Last year, Shipium became one of CommerceHub’s partners on its delivery suite offering, along with project44 and parcelLab.

While the current economic doldrums has led to a slowdown in deal flow, Murray said the company has been emphasizing the cost savings aspect in an era of risk aversion by corporate finance heads.

“There’s a lot of volatility in the world right now, a lot more interest in cost savings but also risk avoidance,” he said. “So, our messaging is around, we can gives you a lot more protection from volatility, whether one carrier stops taking orders or another has a hub that shuts down.”
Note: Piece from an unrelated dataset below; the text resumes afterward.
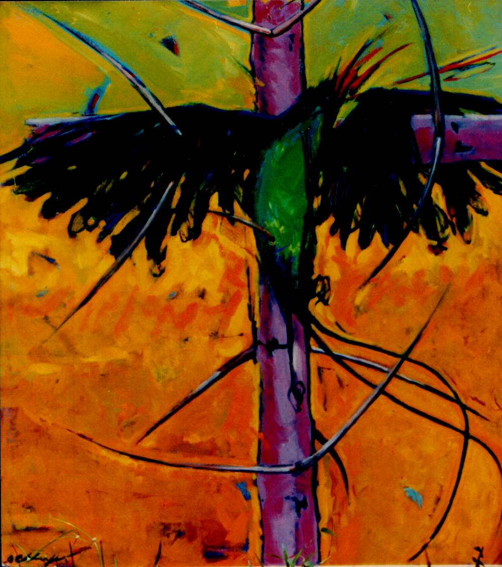 Hummingbird Crucible. Oil on linen, 48″x40″, 1995. Private Collection. The Doctorbird as symbolic representation of Jamaican society is a recurring theme in Schliefer’s work. Here, the Doctorbird is depicted in agony, crucified on a thorny bush reminiscent of the crown of thorns. The companion piece to this painting in the 1995 Annual Exhibition, “Risen”, depicts the Doctorbird precariously hovering above the danger of the thorns.

A lot of data-intensive shipping and fulfillment tech startups at NRF talked about the critical importance of shortening the time to value equation for retail and ecommerce shippers in this difficult environment, and Shipium is singing from that song sheet as well.

“As a tech-forward company that’s data heavy, the more companies running on Shipium, the larger the dataset, the greater the ability to increase predictability,” Murray said. “As those pieces get better, we’ll be introducing new products.” A fulfillment engine to route orders in real time among multiple nodes in a cost-based manner is planned for the latter half of 2023.